Prompt - Your answer must be an exact transcription of every record below, with the pictures omitted.

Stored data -
━━━━━━━━━━━━━━━━━━━━

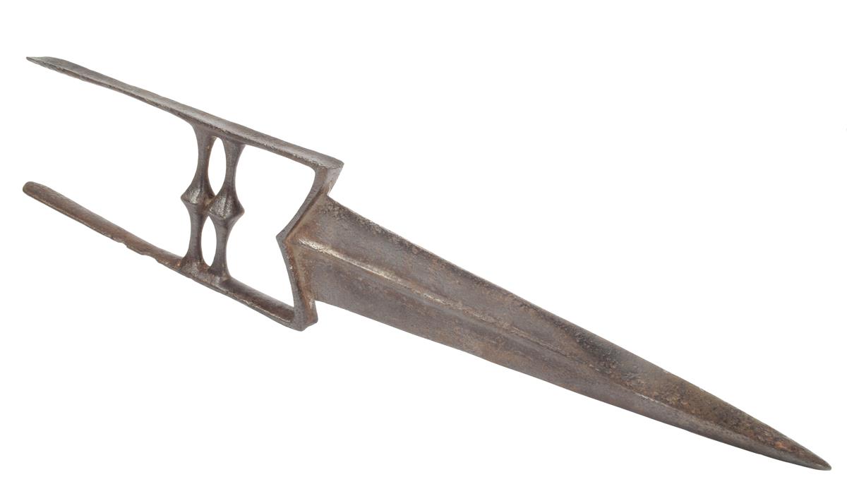 An Indian steel katar, the blade with a medial ridge and swollen tip and with open grip, 43cm long.
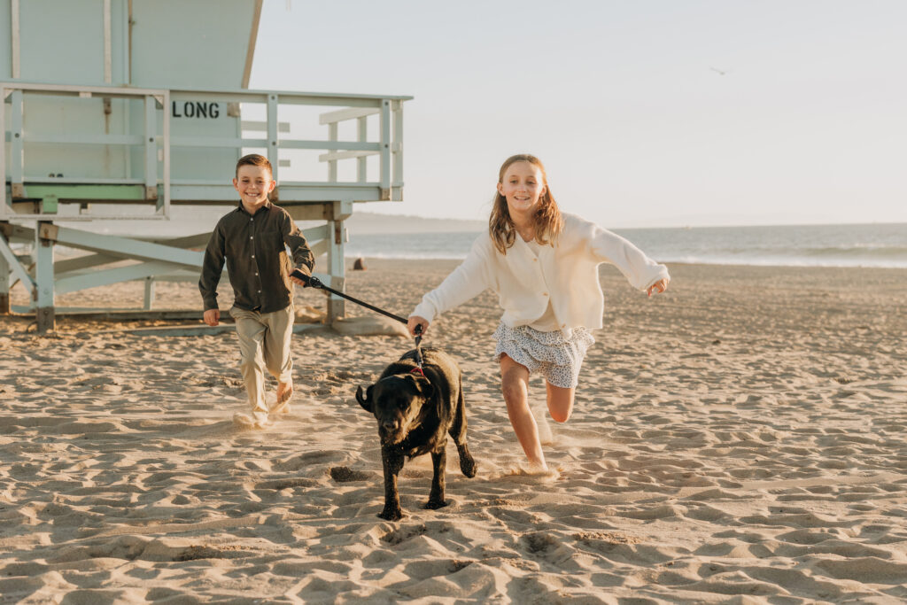 Playtime quickly followed as the siblings and their dog ran and laughed together, embracing the carefree energy of a coastal family session.
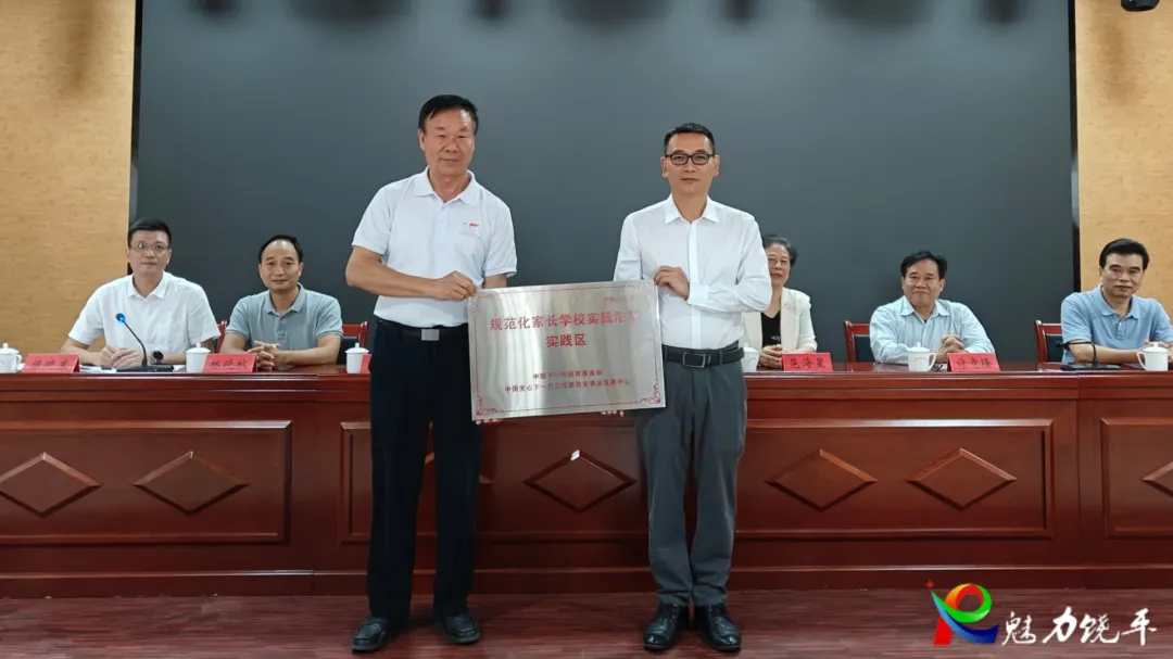 会议现场,我县被授予全国规范化家长学校实践活动实践区牌匾。
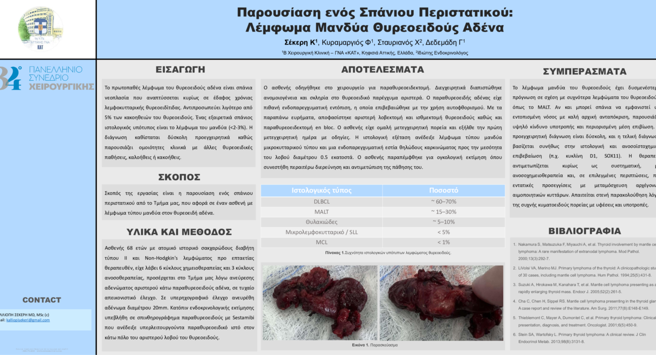 Παρουσίαση ενός Σπάνιου Περιστατικού:Λέμφωμα τύπου Μανδύα του Θυρεοειδούς Αδένα
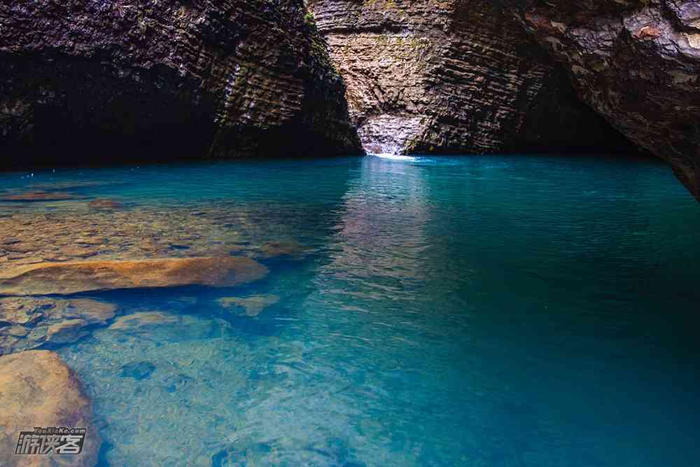 站在村民搭建的小桥上,可以看到一股小溪从上游乱石中奔涌而出,两岸植被茂密,潭水却平静如镜,深不见底。潭边奇石像鳄鱼瞪圆着眼睛将嘴伸向潭里,因此也被称为“鳄鱼潭”。
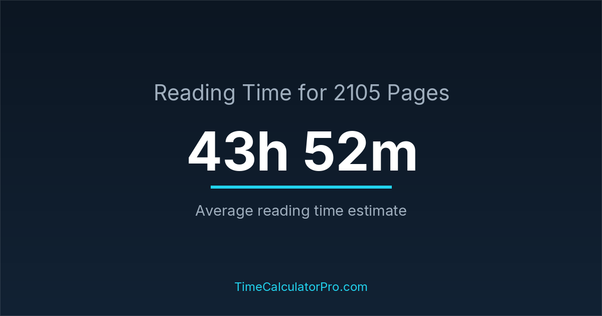 If you read at an average speed of 200 words per minute, reading 2105 pages will take approximately 43 hours and 52 minutes. This estimate assumes around 250 words per page, which is typical for most books.
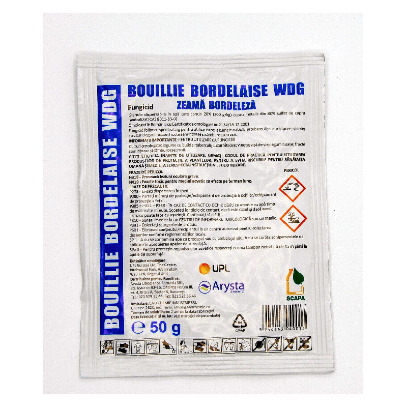 Zeama bordeleza (Bouille Bordelaise WDG), fungicid de contact, pe baza de cupru, care controleaza mai multe boli cauzate de ciuperci si bacterii: alternarioza, rapan, foc bacterian, ciuruire, patare unghiulara etc.
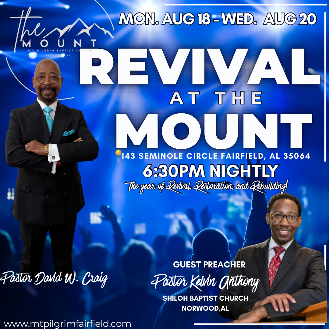 The Lord is at work in the Mt. Pilgrim Missionary Baptist Church. He is restoring hope to the hopeless, health to the hurting, strength to the faint-hearted and new life to those that are spiritually dead. Our Mission Statement is People Building Ministry, Building People for the Kingdom of GOD! Here we LOCATE the hurting, LEAD them to a personal relationship with God, assist them in LEARNING, involve them in the LABOR force and LOVE them unconditionally.
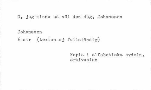 //// O, jag minns så väl den dag, Johansson Johansson //// 6 str (texten ej fullständig) //// Kopia i alfabetiska avdeln. arkivsalen ////
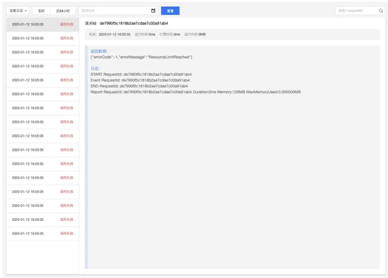 到函数执行日志查看失败原因,发现是资源限制,目前腾讯云还未给出解释。
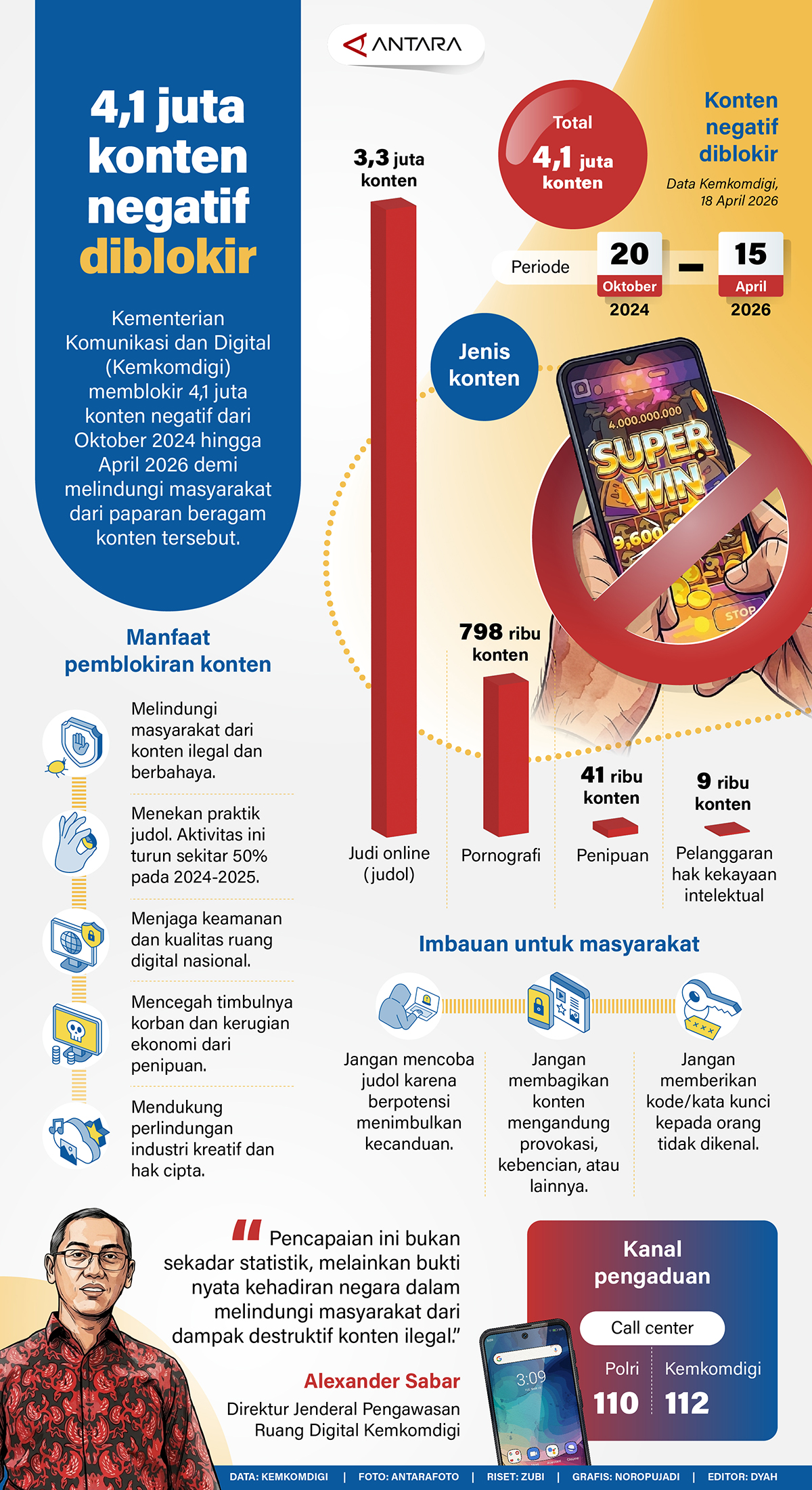 Home Menyapa Nusantara Komdigi Memblokir 4,1 juta Konten Negatif Menyapa Nusantara Komdigi Memblokir 4,1 juta Konten NegatifNadhira22/04/202624/04/2026 READ.ID – Kementerian Komunikasi dan Digital (Kemkomdigi) memblokir 4,1 juta konten negatif dari Oktober 2024 hingga April 2026 demi melindungi masyarakat dari paparan beragam konten tersebut.Baca berita kami lainnya di
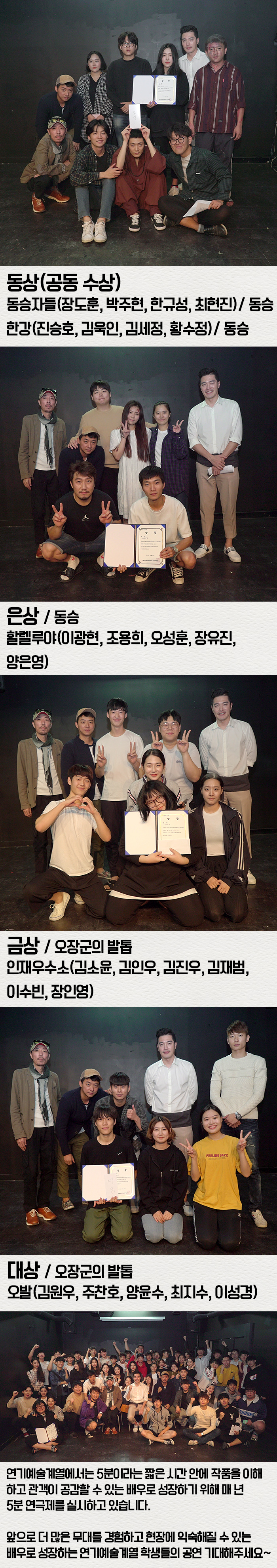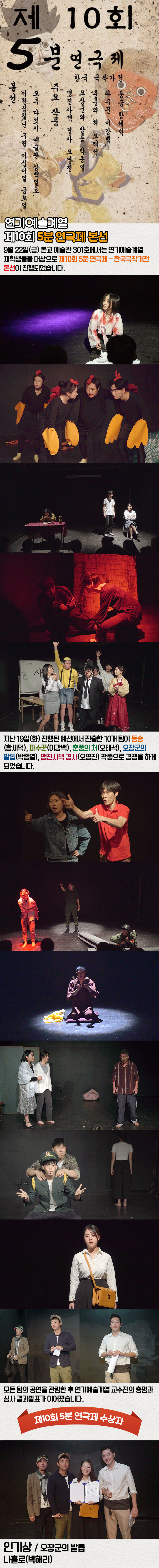 9월 22일(금) 본교 예술관 301호에서는 연기예술계열 재학생들을 대상으로 제10회 5분 연극제 - 한국극작가전 본선이 진행되었습니다.

━━━━━━━━━━━━━━━━━━━━

Exercise result -
 An Indian steel katar, the blade with a medial ridge and swollen tip and with open grip, 43cm long.
 Playtime quickly followed as the siblings and their dog ran and laughed together, embracing the carefree energy of a coastal family session.
 会议现场,我县被授予全国规范化家长学校实践活动实践区牌匾。
 Παρουσίαση ενός Σπάνιου Περιστατικού:Λέμφωμα τύπου Μανδύα του Θυρεοειδούς Αδένα
 站在村民搭建的小桥上,可以看到一股小溪从上游乱石中奔涌而出,两岸植被茂密,潭水却平静如镜,深不见底。潭边奇石像鳄鱼瞪圆着眼睛将嘴伸向潭里,因此也被称为“鳄鱼潭”。
 If you read at an average speed of 200 words per minute, reading 2105 pages will take approximately 43 hours and 52 minutes. This estimate assumes around 250 words per page, which is typical for most books.
 Zeama bordeleza (Bouille Bordelaise WDG), fungicid de contact, pe baza de cupru, care controleaza mai multe boli cauzate de ciuperci si bacterii: alternarioza, rapan, foc bacterian, ciuruire, patare unghiulara etc.
 The Lord is at work in the Mt. Pilgrim Missionary Baptist Church. He is restoring hope to the hopeless, health to the hurting, strength to the faint-hearted and new life to those that are spiritually dead. Our Mission Statement is People Building Ministry, Building People for the Kingdom of GOD! Here we LOCATE the hurting, LEAD them to a personal relationship with God, assist them in LEARNING, involve them in the LABOR force and LOVE them unconditionally.
 //// O, jag minns så väl den dag, Johansson Johansson //// 6 str (texten ej fullständig) //// Kopia i alfabetiska avdeln. arkivsalen ////
 到函数执行日志查看失败原因,发现是资源限制,目前腾讯云还未给出解释。
 Home Menyapa Nusantara Komdigi Memblokir 4,1 juta Konten Negatif Menyapa Nusantara Komdigi Memblokir 4,1 juta Konten NegatifNadhira22/04/202624/04/2026 READ.ID – Kementerian Komunikasi dan Digital (Kemkomdigi) memblokir 4,1 juta konten negatif dari Oktober 2024 hingga April 2026 demi melindungi masyarakat dari paparan beragam konten tersebut.Baca berita kami lainnya di
 9월 22일(금) 본교 예술관 301호에서는 연기예술계열 재학생들을 대상으로 제10회 5분 연극제 - 한국극작가전 본선이 진행되었습니다.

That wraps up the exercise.